Thank you, and sorry for my english.


----------



## warudemaru (Aug 30, 2010)

*X.org-7.5 hangs in drmwtq state*

Hi, I got similar problems with my Intel GM965 on Lenovo R61, FreeBSD-8.1, the recent intel drivers and X.org-7.5. It doesn't actually freeze the whole system, but the Xorg server which hangs in *drmwtq state*. Screen becomes black and keyboard unresponsive. Only hard reset or remote reboot can help. Funny, as it happens always when a multimedia player is launched and I switch to the text console and back to graphical mode. But even if I don't switch between terminals it occurs after several minutes watching movie.


----------



## davidgurvich (Aug 31, 2010)

I have a laptop with the 855gm graphics chipset.  Only the newer modesetting intel driver has worked with recent Xorg+Linux.  That would be 2.11 or higher.  That driver requires modesetting and doesn't work on freebsd.  When I tried earlier drivers they would crash without modesetting and lockup the system with.  On the plus side the vesa driver actually worked.  The vesa driver did not work on the 830 chipset that I have on another laptop.

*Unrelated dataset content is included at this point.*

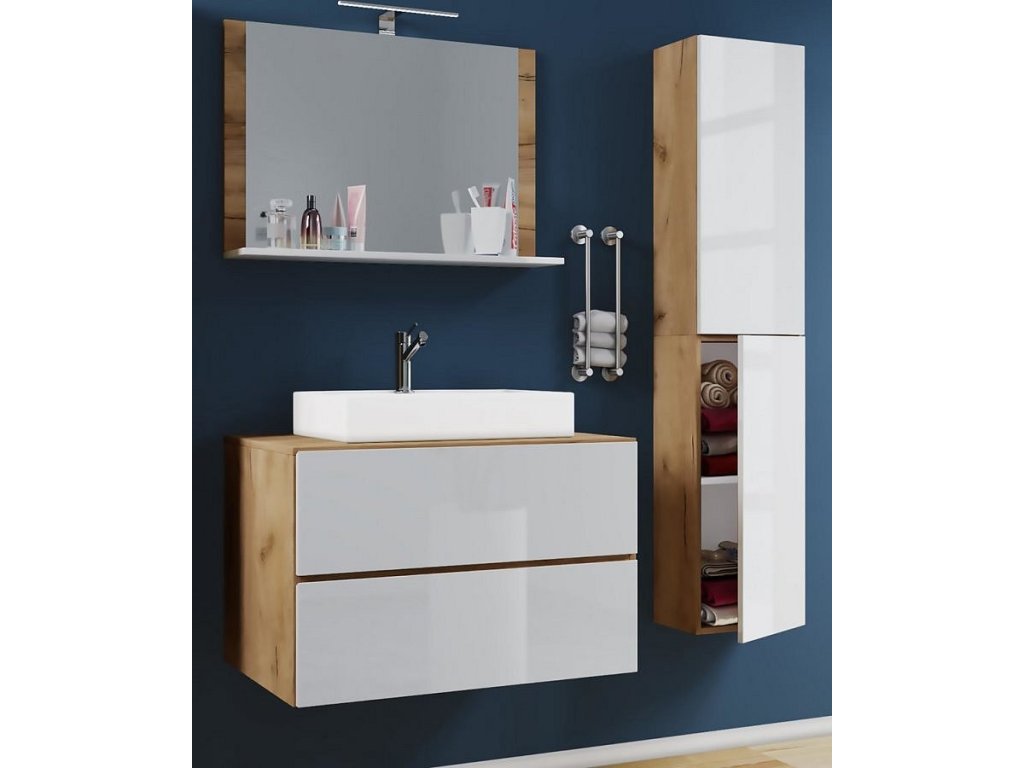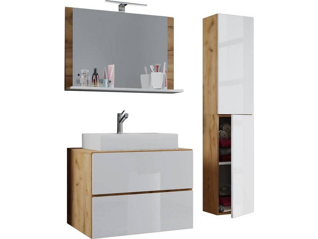 4dílná umyvadlová skříňka Lendas M 80 cm se zrcadlem a vysokou skříňkou, dub medový

I would suggest sticking with vesa or older versions of xorg and older versions of the driver for now.


----------



## warudemaru (Aug 31, 2010)

davidgurvich said:
			
		

> I have a laptop with the 855gm graphics chipset.  Only the newer modesetting intel driver has worked with recent Xorg+Linux.  That would be 2.11 or higher


Version 2.9 is waiting in ports for kernel improvements. As for the GM965 chipset the new X.org-7.5 was working significantly faster and smoother than 7.4, showing great performance with compiz, but after serveral minutes the nasty hang in drmwtq state spoils all the fun :\


----------



## copypaiste (Sep 1, 2010)

warudemaru said:
			
		

> Version 2.9 is waiting in ports for kernel improvements. As for the GM965 chipset the new X.org-7.5 was working significantly faster and smoother than 7.4, showing great performance with compiz, but after serveral minutes the nasty hang in drmwtq state spoils all the fun :\


What chipset did you try with 2.9 driver?


----------



## warudemaru (Sep 1, 2010)

copypaiste said:
			
		

> What chipset did you try with 2.9 driver?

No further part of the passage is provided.